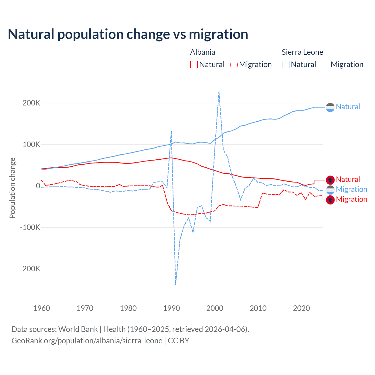 Over the last 10 years, 30% of the population change in Albania is from natural causes (a gain of 83,840 people) and 70% is from migration (a loss of 195,891 people). In Sierra Leone 99.6% is from natural causes (a gain of 1,764,049 people) and 0.41% is from migration (a loss of 7,211 people).
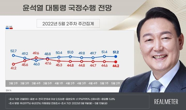 리얼미터의 5월2주차 주간집계 결과, 윤 대통령이 국정수행을 잘할 것이라는 긍정적 전망은 51.2%, 잘하지 못할 것이라는 부정적 전망은 44.2%로 집계됐다. 긍정 전망은 5월1주차 주간집계 때보다 0.2%포인트 줄었다.
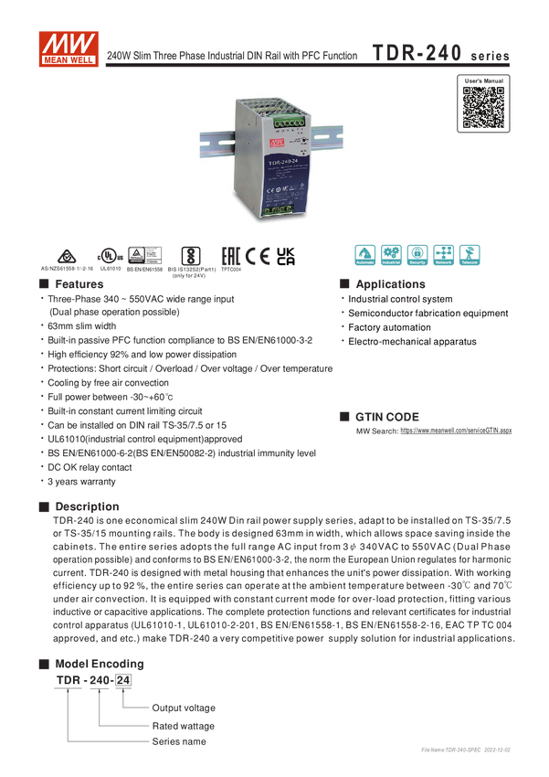 Zasilacz na szynę DIN 240W 24V 10A MEAN WELL TDR-240-24

> ACTION ITEM
When you reach an image, pass over it, and retype all other material exactly.

> WRITTEN ANSWER
 Over the last 10 years, 30% of the population change in Albania is from natural causes (a gain of 83,840 people) and 70% is from migration (a loss of 195,891 people). In Sierra Leone 99.6% is from natural causes (a gain of 1,764,049 people) and 0.41% is from migration (a loss of 7,211 people).
 리얼미터의 5월2주차 주간집계 결과, 윤 대통령이 국정수행을 잘할 것이라는 긍정적 전망은 51.2%, 잘하지 못할 것이라는 부정적 전망은 44.2%로 집계됐다. 긍정 전망은 5월1주차 주간집계 때보다 0.2%포인트 줄었다.
 Zasilacz na szynę DIN 240W 24V 10A MEAN WELL TDR-240-24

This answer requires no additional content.